We all have that friend who dislikes a certain song or band because they believe the lyrics “make no sense.”
“Well then you’re just not thinking about it enough,” is usually my response.
To cover the instrumental part quickly, the band keeps the same beat throughout the song. Of course, to avoid repetition, there is some variation as certain instruments overpower the others like the bass guitar during the first verse or the electric guitar during the second one.
But before I get into the lyrics, I want to mention the structure, because frankly, I can’t seem to find a chorus; it looks like six verses.
Six is symbolic in many ways, particularly biblically, since we (humans) were created on the sixth day. But before too many theories are thrown around, let’s get into the lyrics and see if we can conclude why there are six verses from there.

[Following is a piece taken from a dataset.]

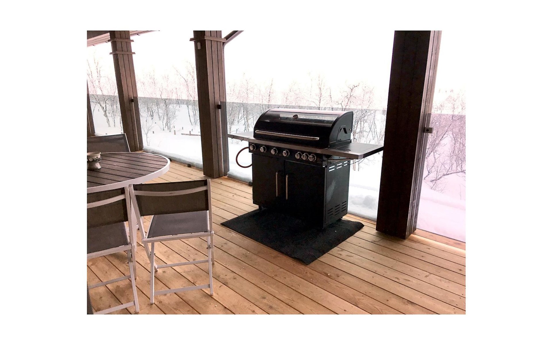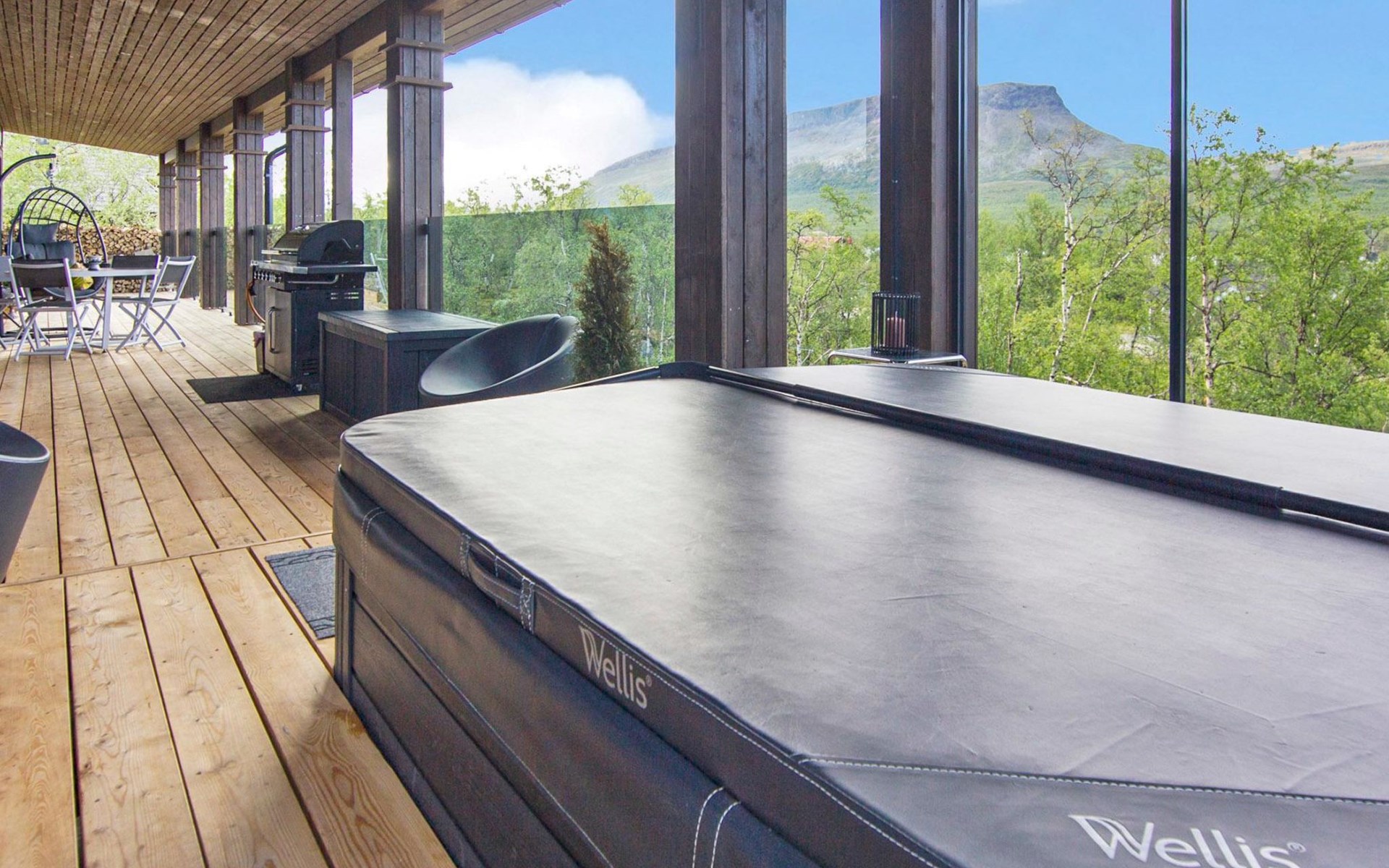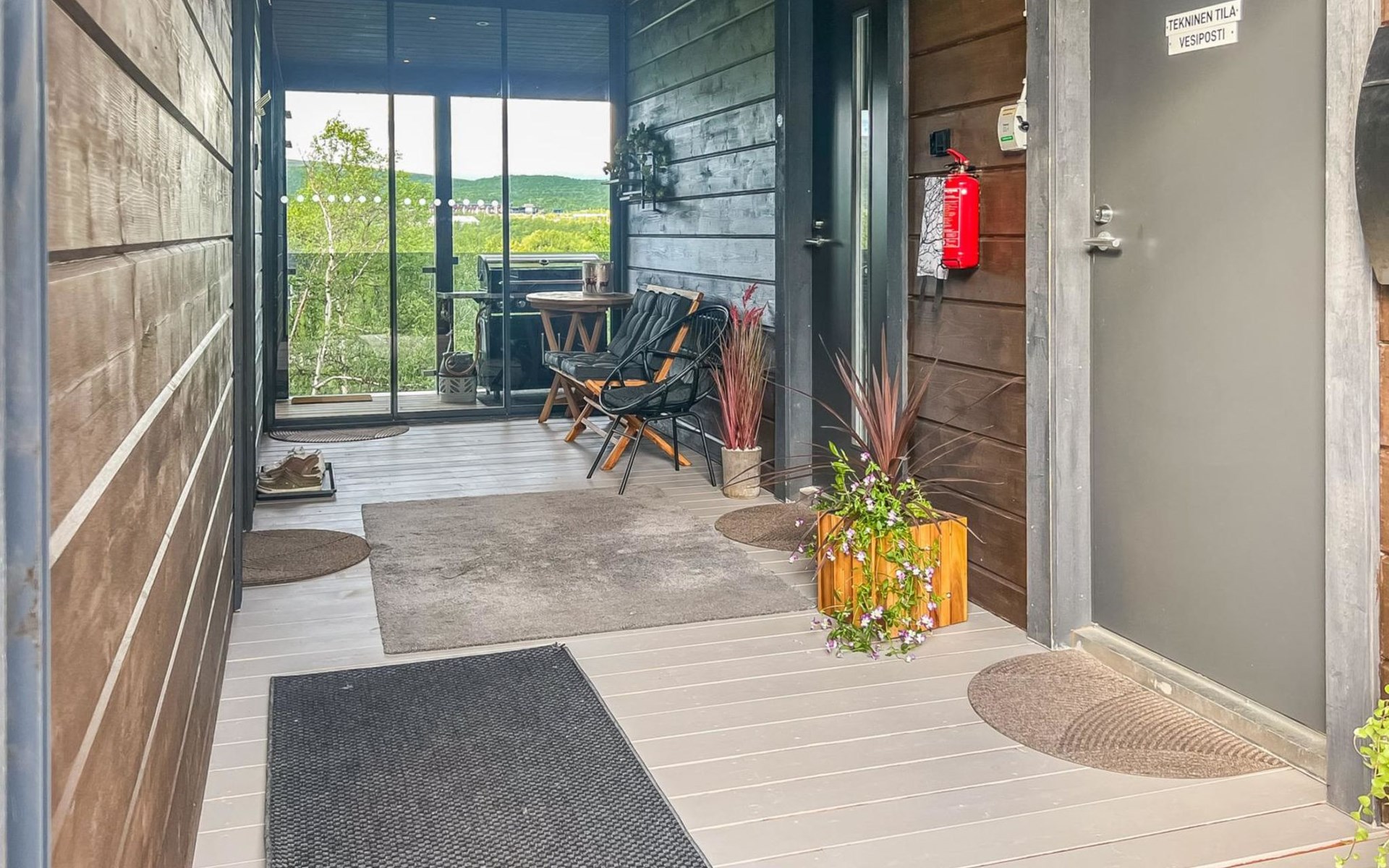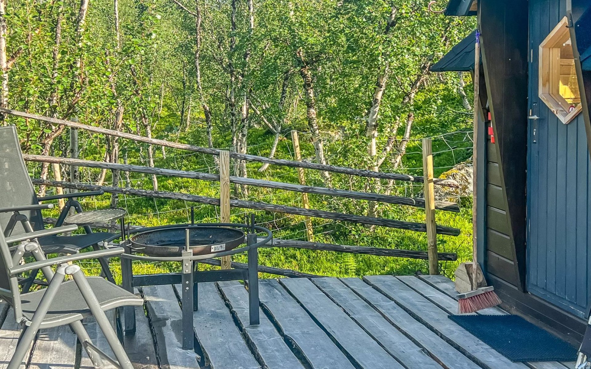 Sauna compartment with sauna room, washroom, living area and WC. In the living area there is sofa bed and smart TV 55", two showers in the washroom. Access to the sauna compartment is from a covered terrace.
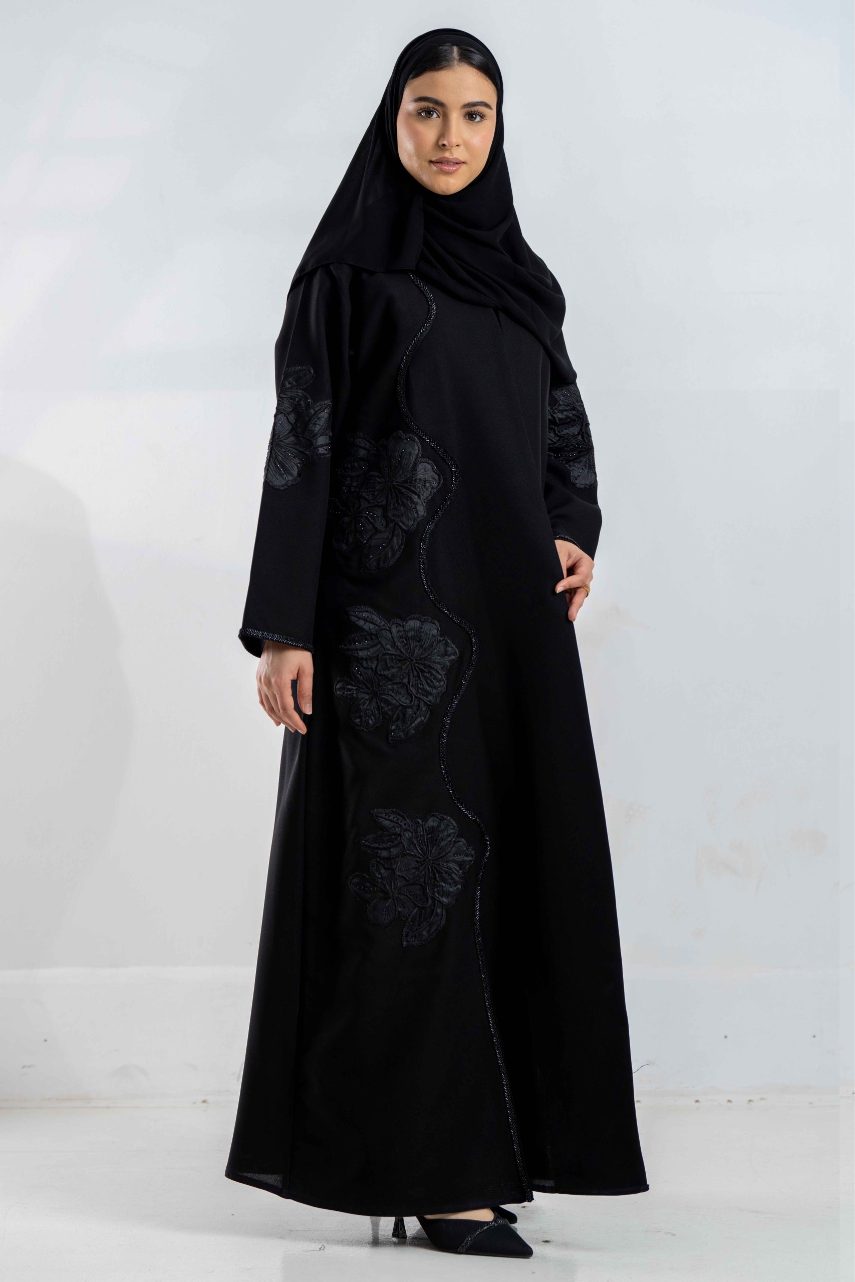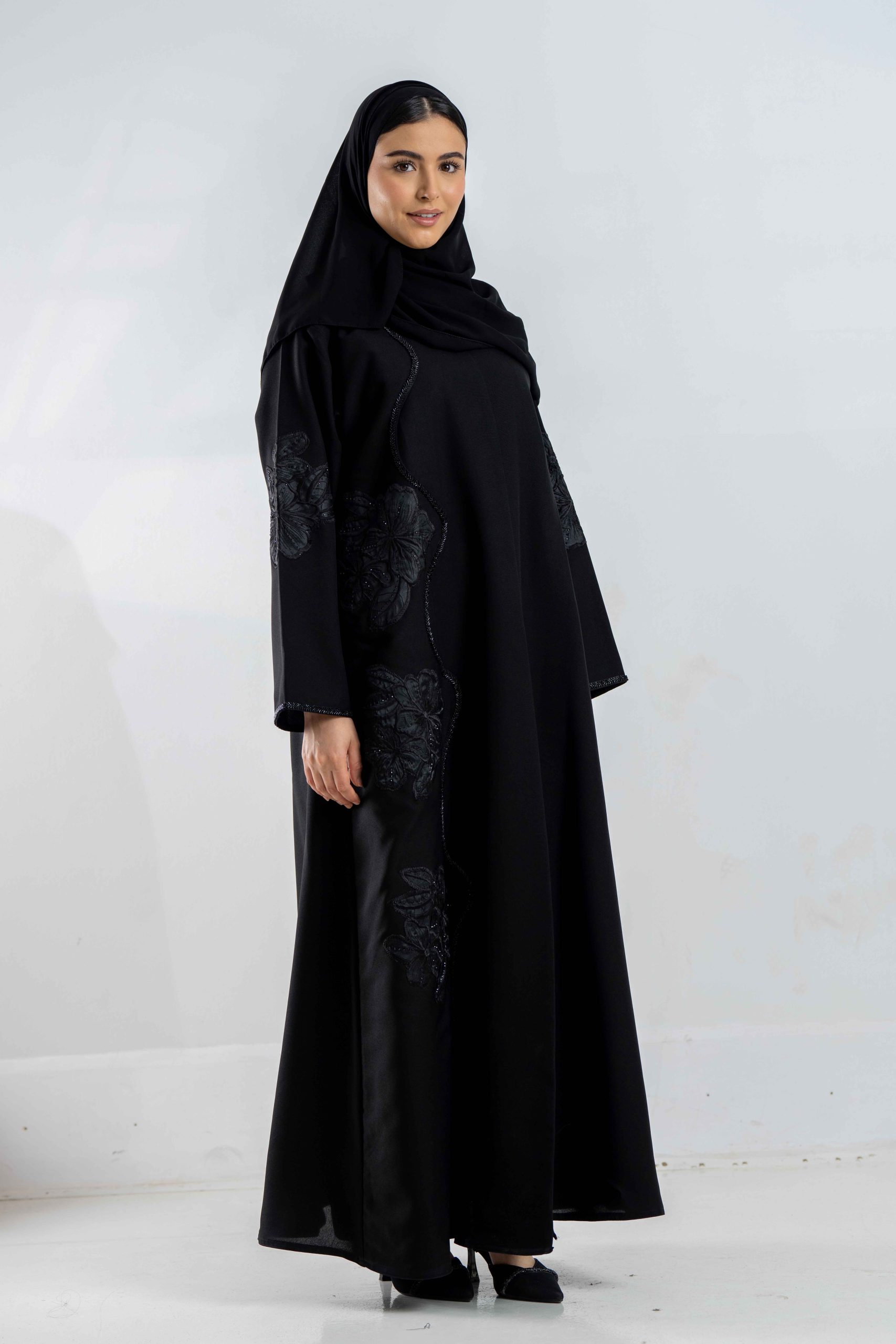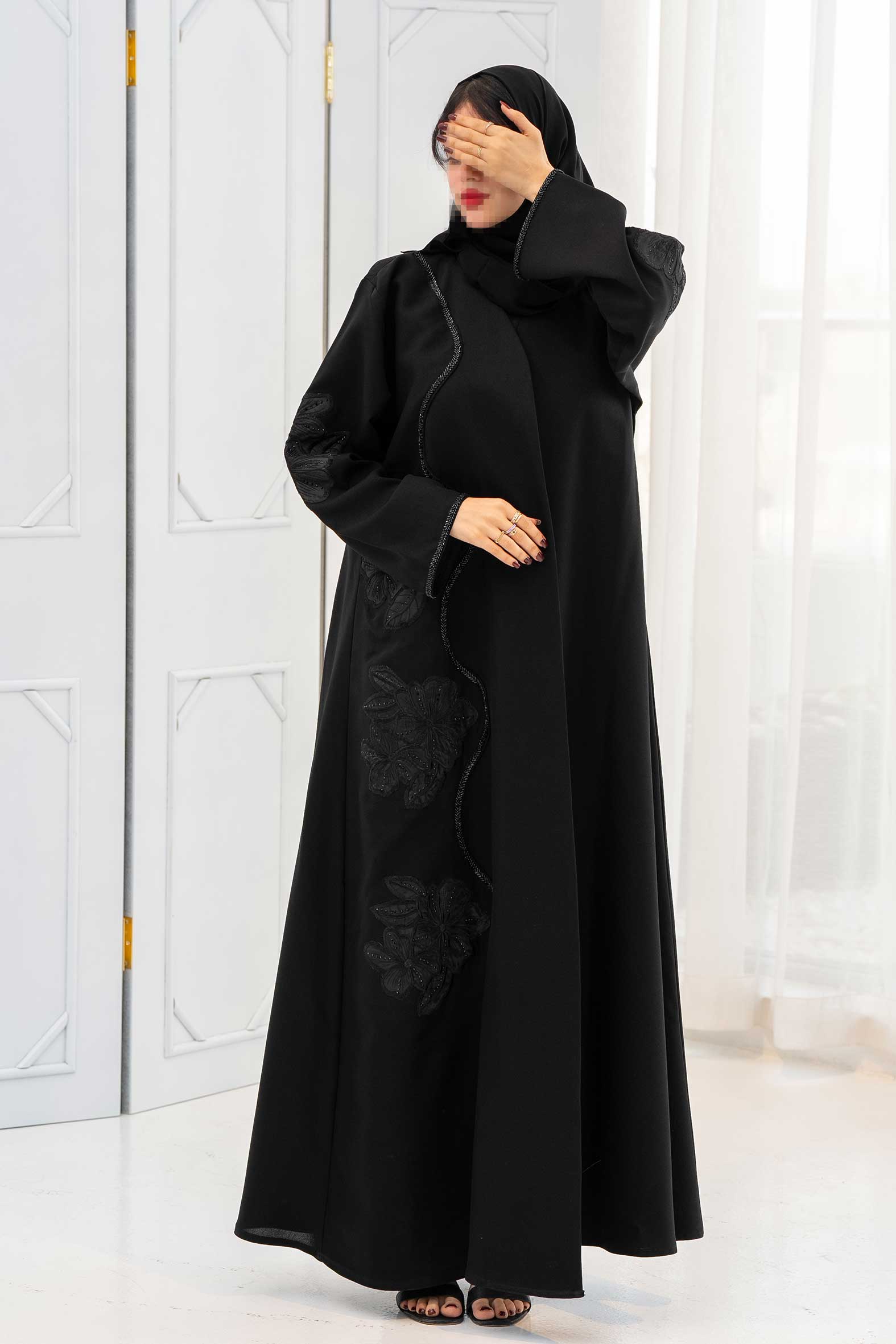 زاهية – عباية توجان كلوش بتدخيلات تطريز من الأمام والأكمام

First thing’s first: the title. “Hear Them Coming” is sung one time in the second verse. There are two notable deviations – “feel them coming” in the third verse, and “hearing the call” in the fourth and sixth. Nonetheless, this begs the question:
Who are the them that our singer is referring to?
Let’s look at verses 2 and 3:
Hear them coming, climbing up the stairs.
My mind’s a liar trying to keep me here.
See the rival hoping to keep me tied.
Now I’m older, now I see the sides.
Feel them coming, creeping up the door.
Yeah, I’m lonely, yeah, I’m in for more,
a different touch, something to keep me calm
when it’s going, when it’s on.
You’d like to think he’s talking about a breakup that happened quite some time ago. The fact that he’s lonely and looking for a different touch indicate this. Furthermore, his lying mind could be that irrational sense of hope that many of us, as humans, have. Like when we’re on a 15 game losing streak and when we get ready for the 16th one, we reason that “oh, I have to win now since I already lost 15,” when really there’s nothing to prove that to be true. That being said, his brain is likely nudging him into a false sense of being able to reclaim the relationship that was lost, and he doesn’t take kindly to that, as he then addresses his mind as “the rival” in the very next sentence.
But who’s “climbing up the stairs,” and “creeping up the door?”
This is all an elaborate metaphor for the stairs/door to his mind, and the “them” are simply feelings and emotions. What kind of emotions they are, I can’t tell, but they’ve definitely found their way into his head.
With all this in mind, it’s pretty convincing that this entire song is an internal conflict, but to clarify the aforementioned point, let’s look at the last verse:
Hearing the call, and I see what it’s done.
I’m feeling the stars and the fright,
five in the morning when I know what it does,
I see that it slows me down.
At this point, the band has picked up to be as loud as they can be, which indicates that this “call” coming from “them” is about to be resolved. The most important part of this stanza is the singer’s realization that his emotions (since we agreed that that’s what the “them” is) are only slowing him down since they only cause him to feel “the stars and the fright.” With this epiphany, we now know that these emotions that are created by his mind ‒ or “rival” ‒ are the bad guys in this conflict, and by the song’s end, he has conquered them.
Alas, I still have no idea why there are six verses. I’ll leave that to you to figure out.